::: Dataset records

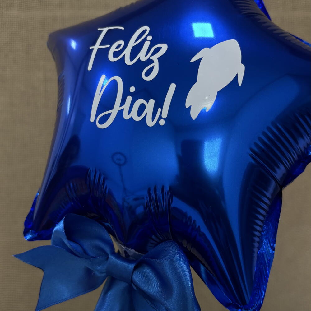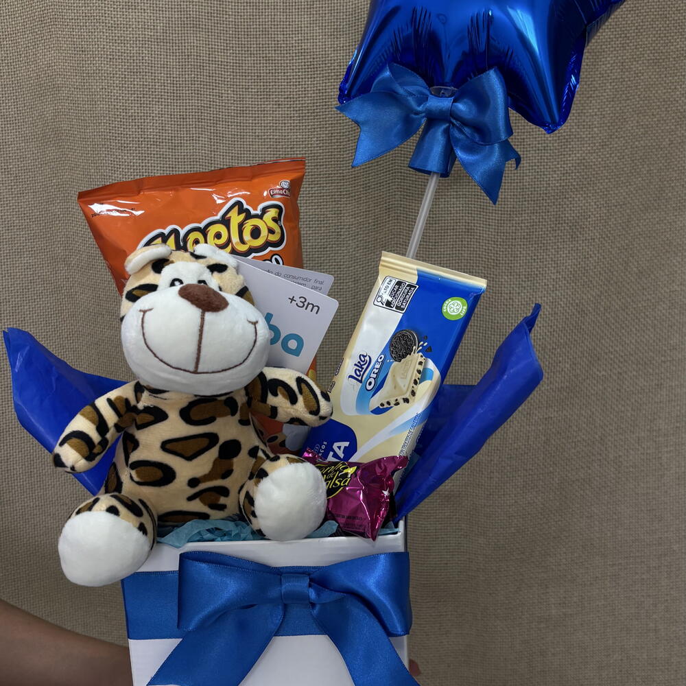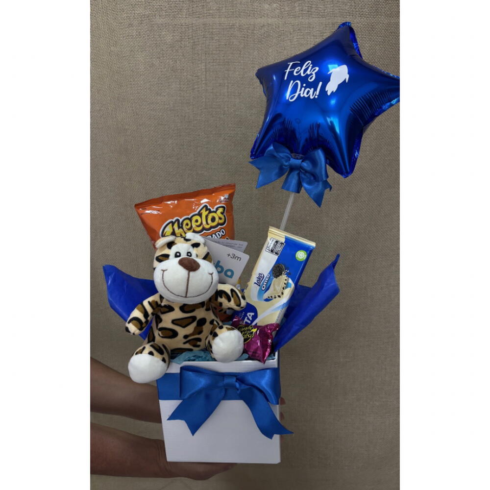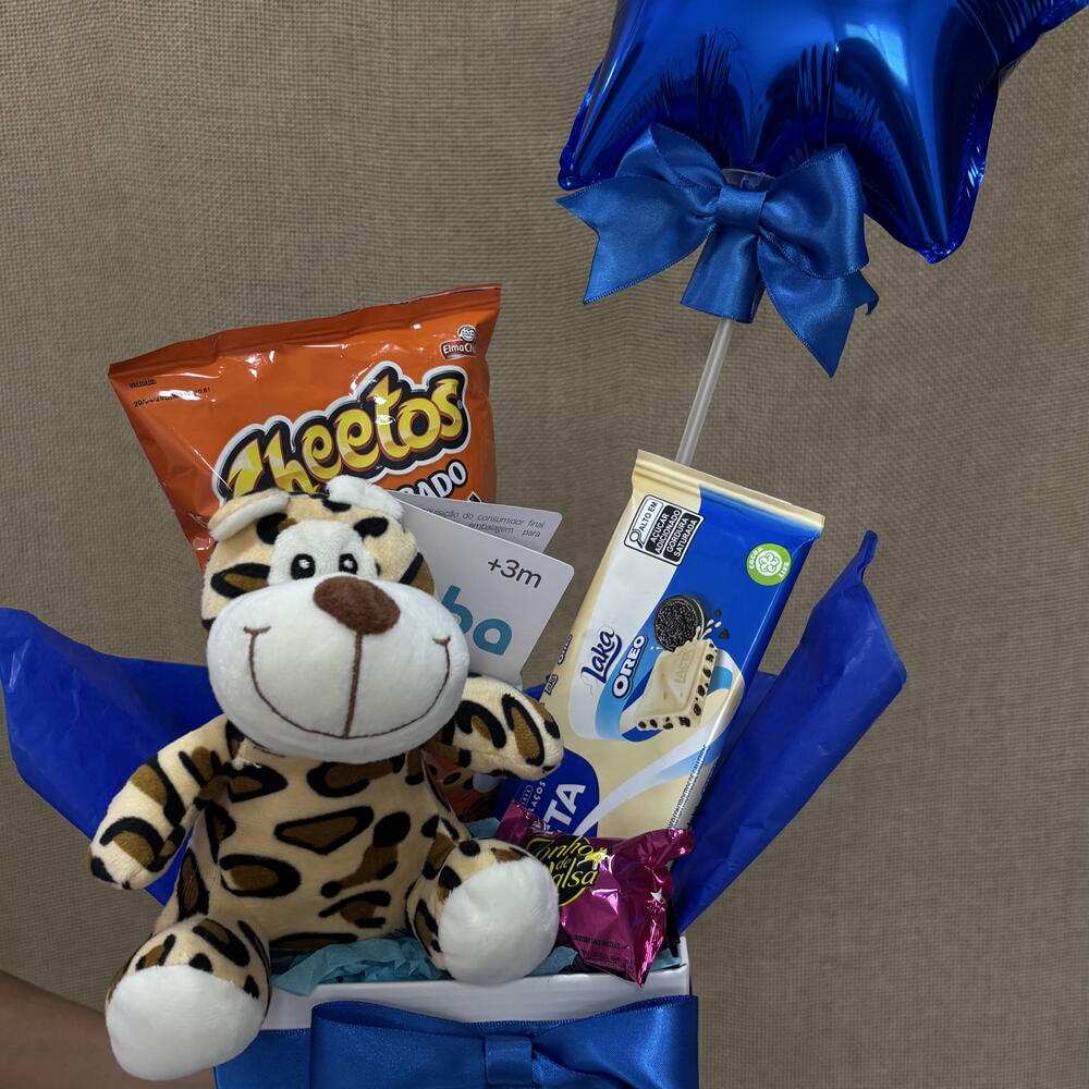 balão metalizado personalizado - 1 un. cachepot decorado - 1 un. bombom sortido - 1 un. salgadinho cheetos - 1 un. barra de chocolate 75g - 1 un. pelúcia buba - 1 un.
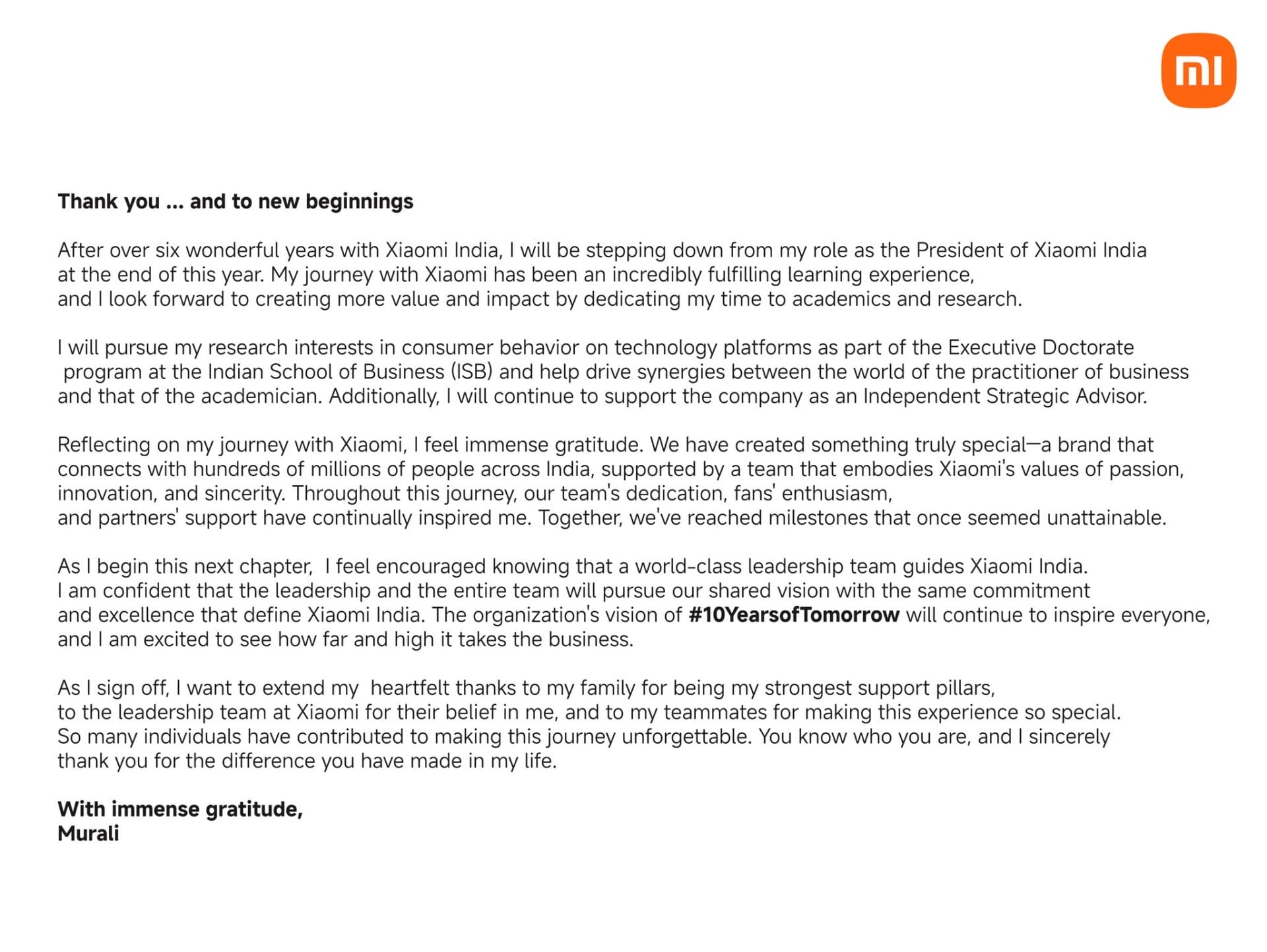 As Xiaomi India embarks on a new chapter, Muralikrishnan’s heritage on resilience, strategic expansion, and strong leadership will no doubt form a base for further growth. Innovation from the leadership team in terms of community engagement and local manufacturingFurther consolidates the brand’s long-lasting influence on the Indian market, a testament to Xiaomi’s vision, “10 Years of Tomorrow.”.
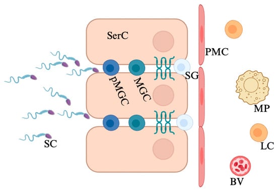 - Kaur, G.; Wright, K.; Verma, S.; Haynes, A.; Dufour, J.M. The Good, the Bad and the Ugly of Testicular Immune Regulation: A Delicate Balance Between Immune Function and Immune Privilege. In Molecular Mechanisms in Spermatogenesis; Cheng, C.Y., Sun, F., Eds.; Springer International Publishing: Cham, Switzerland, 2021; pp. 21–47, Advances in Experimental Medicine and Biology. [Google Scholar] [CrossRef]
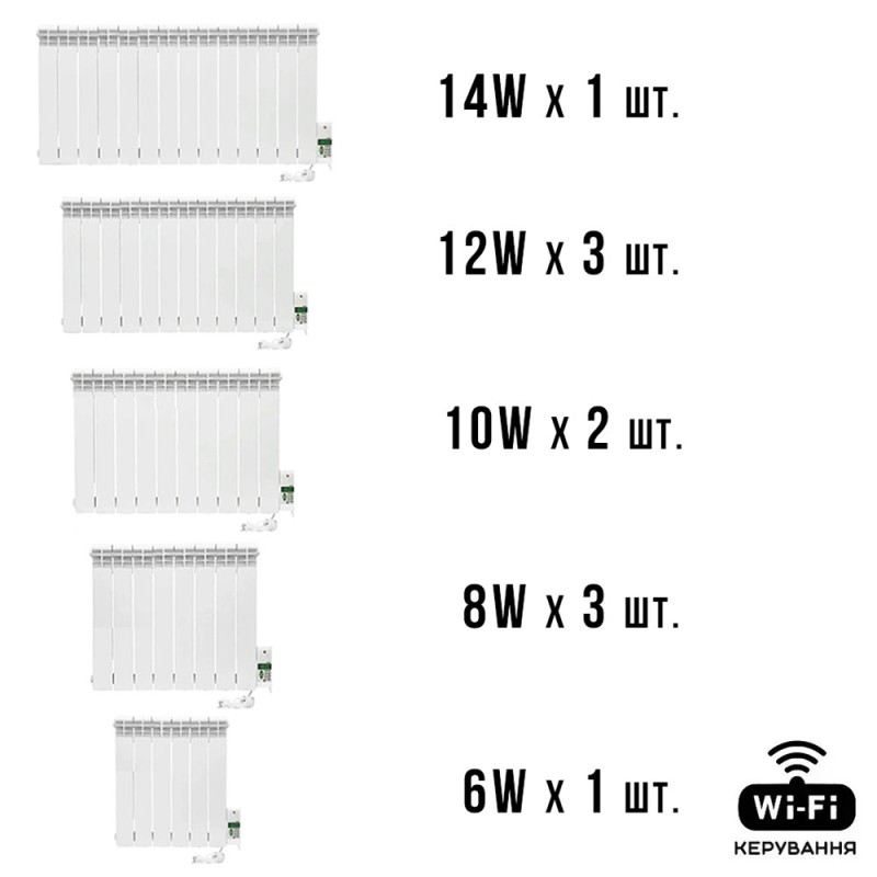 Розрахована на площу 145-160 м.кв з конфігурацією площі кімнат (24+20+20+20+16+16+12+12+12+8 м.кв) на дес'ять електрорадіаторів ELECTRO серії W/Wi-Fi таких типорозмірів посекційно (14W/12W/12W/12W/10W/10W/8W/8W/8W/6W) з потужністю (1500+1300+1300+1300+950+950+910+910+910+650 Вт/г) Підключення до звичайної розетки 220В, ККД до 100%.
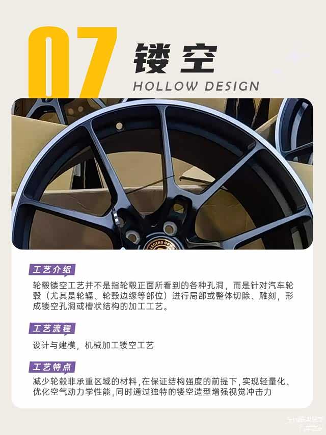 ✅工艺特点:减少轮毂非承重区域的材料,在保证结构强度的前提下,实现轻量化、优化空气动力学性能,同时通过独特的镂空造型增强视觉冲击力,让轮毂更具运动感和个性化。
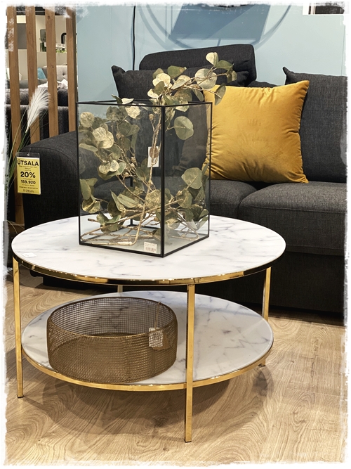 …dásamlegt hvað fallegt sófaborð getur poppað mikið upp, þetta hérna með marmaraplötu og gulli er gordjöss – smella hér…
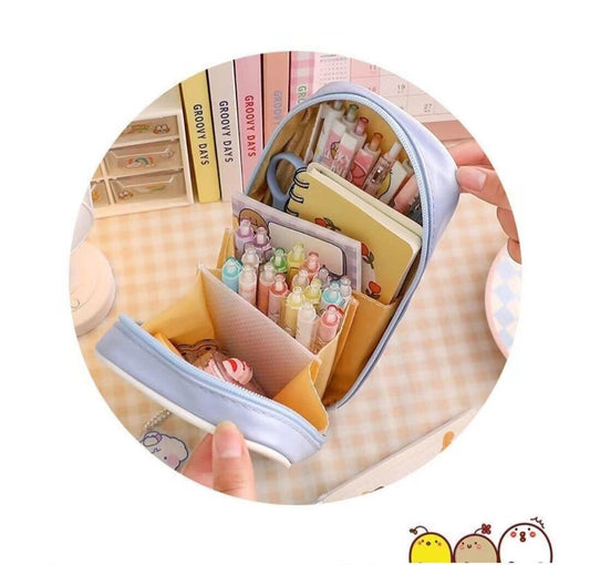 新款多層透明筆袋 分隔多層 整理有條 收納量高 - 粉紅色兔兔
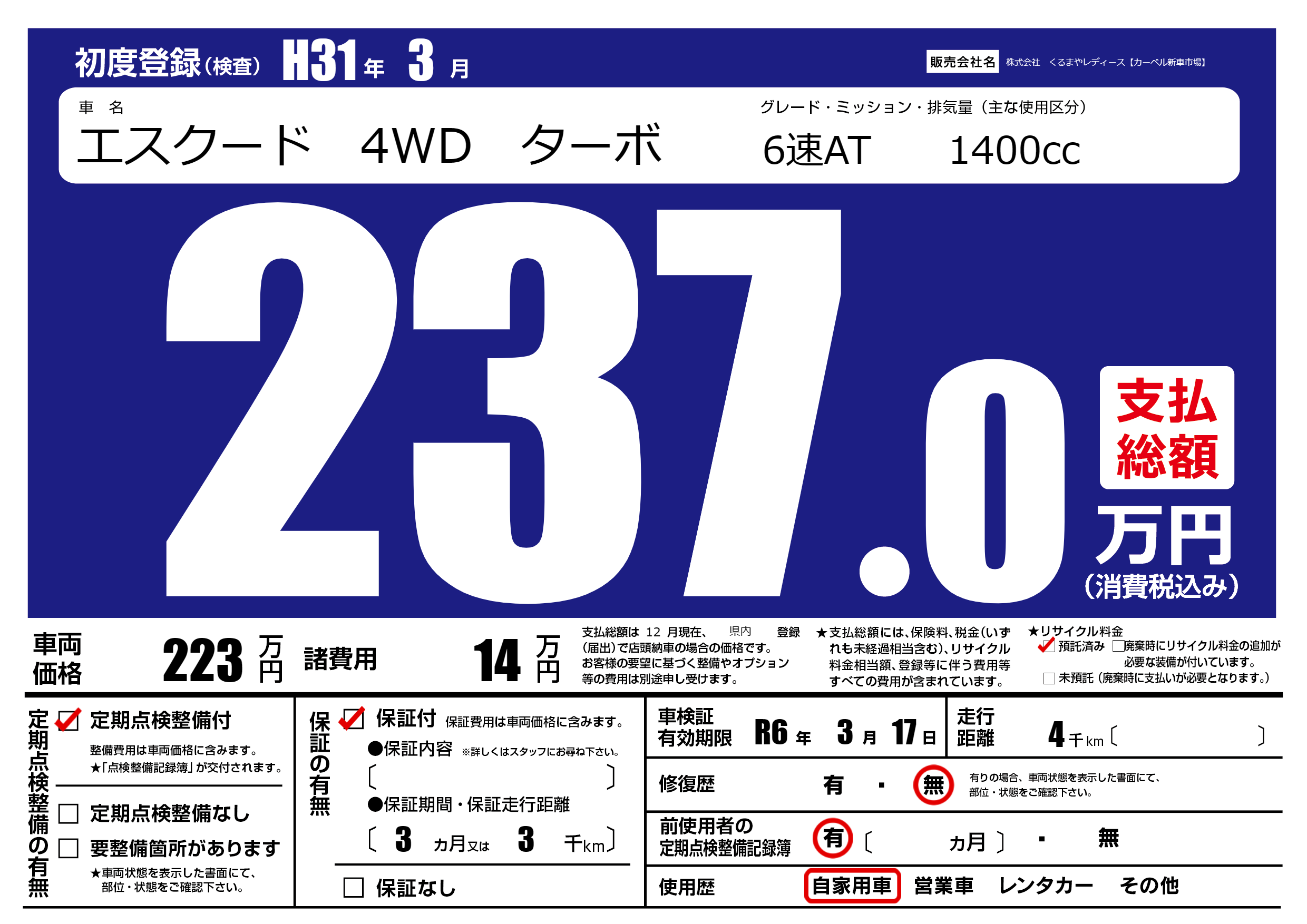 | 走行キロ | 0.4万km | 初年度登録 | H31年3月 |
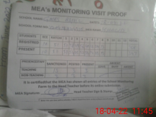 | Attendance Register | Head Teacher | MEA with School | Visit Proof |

::::::

_Exercise directions_.
Could you copy, exactly and with no pictures, each line from the first one above to the line holding "- Kaur, G.;"?

_Output for this task_.
 balão metalizado personalizado - 1 un. cachepot decorado - 1 un. bombom sortido - 1 un. salgadinho cheetos - 1 un. barra de chocolate 75g - 1 un. pelúcia buba - 1 un.
 As Xiaomi India embarks on a new chapter, Muralikrishnan’s heritage on resilience, strategic expansion, and strong leadership will no doubt form a base for further growth. Innovation from the leadership team in terms of community engagement and local manufacturingFurther consolidates the brand’s long-lasting influence on the Indian market, a testament to Xiaomi’s vision, “10 Years of Tomorrow.”.
 - Kaur, G.; Wright, K.; Verma, S.; Haynes, A.; Dufour, J.M. The Good, the Bad and the Ugly of Testicular Immune Regulation: A Delicate Balance Between Immune Function and Immune Privilege. In Molecular Mechanisms in Spermatogenesis; Cheng, C.Y., Sun, F., Eds.; Springer International Publishing: Cham, Switzerland, 2021; pp. 21–47, Advances in Experimental Medicine and Biology. [Google Scholar] [CrossRef]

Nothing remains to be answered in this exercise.